Obama, in this fanciful version, held up his hand. He told his aides to put away the history books and reject the New Deal comparisons. Unlike in 1932, Americans today have a raging distrust of Washington, he observed. Living through a crisis caused by excessive debt, they will viscerally recoil at the prospect of federal debt without end. “Somehow,” Obama concluded, “we have to address the crisis without further terrifying the American people.”
(Emphasis supplied.) Brooks' fantasy and the reality of policies that would work are unconnected. Consider the words he puts in Obama's mouth. "Unlike in 1932, Americans of today have a raging distrust of Washington." Put aside the new revelation that Herbert Hoover had inspired deep trust in Washington, Brook's imaginary Obama does not ask what the right policy is for the crisis, rather what policy would play best politically. Brooks is not imagining a Profile in Courage here. More . . .

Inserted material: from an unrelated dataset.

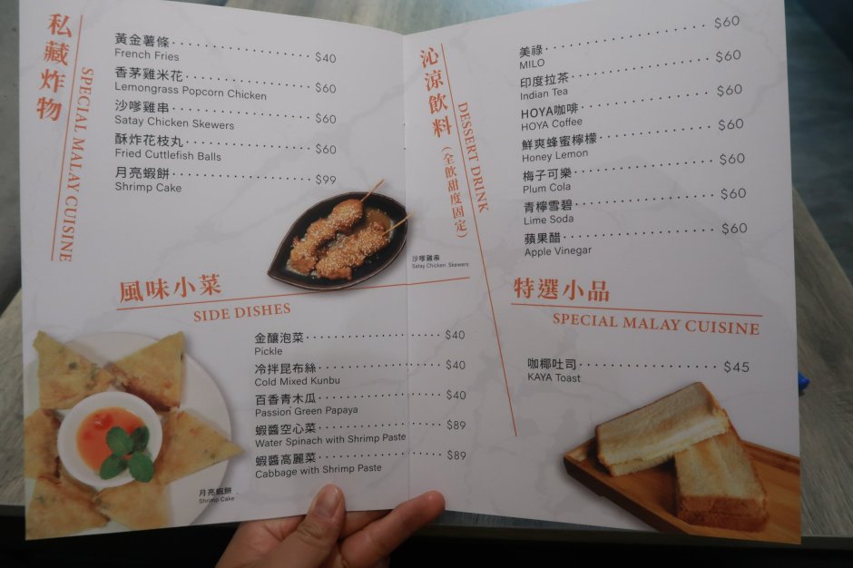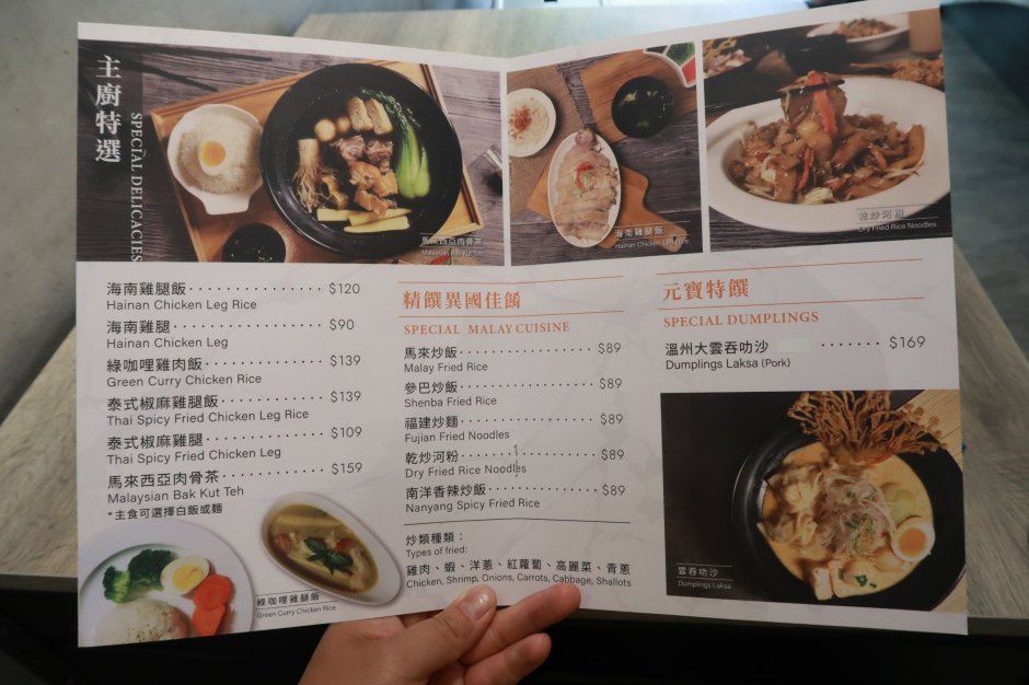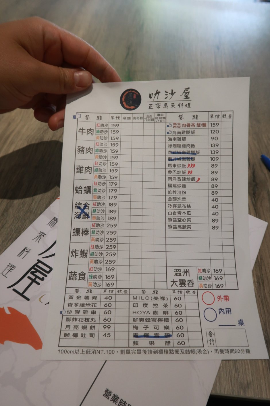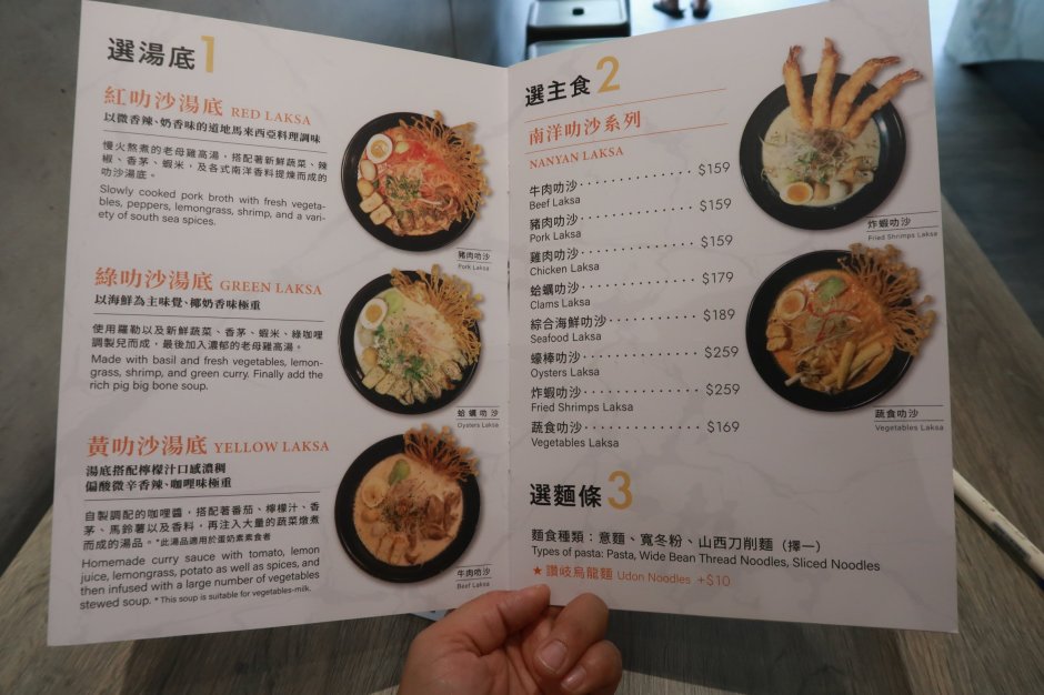 菜單解釋得很清楚,叻( ㄌㄜˋ)沙有分三種可以挑,紅、綠、黃。向來熱愛綠咖哩的我不意外地先嘗試綠叻沙!身為嘉義人理所當然要先吃家禽!( 嘉義的家禽都處理得很不錯,嘉義各地都有各自特色的火雞肉飯、民雄有鵝肉街、新港有生炒鴨肉…)

It gets better. Brooks, who centers his argument on the fear of government debt, imagines Obama's response to this fear as - wait for it - tax cuts. Because in Brooks' mind (as in every Republican's mind), debt caused by tax cuts is not really debt.
The stimulus package, [Brooks' imaginary Obama] continued, should rely heavily on cutting payroll taxes. This, he argued, will send a quick jolt to the economy without concentrating power in Washington. It will deliver a sharp psychological boost to the middle class. It might even be bipartisan. Obama noted that John McCain had a $445 billion stimulus plan along these lines and his fellow Republican senator, Mel Martinez, a $713 billion plan.
Yes, because the problem was psychological you see. Americans are too stupid to realize that government debt is, well, government debt. Brooks' fantasy continues:
Nancy Pelosi and the Democratic committee chairmen were upset. For decades they’d been storing up spending proposals. This was their chance to pass them all. The president told the House speaker that she would get many of her priorities, but not in a 100-day rush. Privately, Democratic aides developed a political strategy they called Save Nancy From Herself.
She may know San Francisco, they warned, but she doesn’t know America. If she has her way, the Democratic Party will spiral back to 40 percent support and she’ll be minority leader again.
This is the liberal overreach nonsense that Time magazine is selling. It is, of course, a flat out lie. Obam got his way. No one else.
But Brooks' entire fantasy is a lie, and a deliberate one. This is part of The Beltway Narrative that will seek to blame progressivism for their own failings.
Indeed, this David Brooks column tells you all you need to now about how foolish Obama has been to seek the favor of people like Brooks. It is a revealing column - both about Brooks and the foolishness in the Obama set that wooed Brooks.
The consequences of this foolishness will be the beatdown Dems will receive in November. The Beltway Dems get all the credit for it.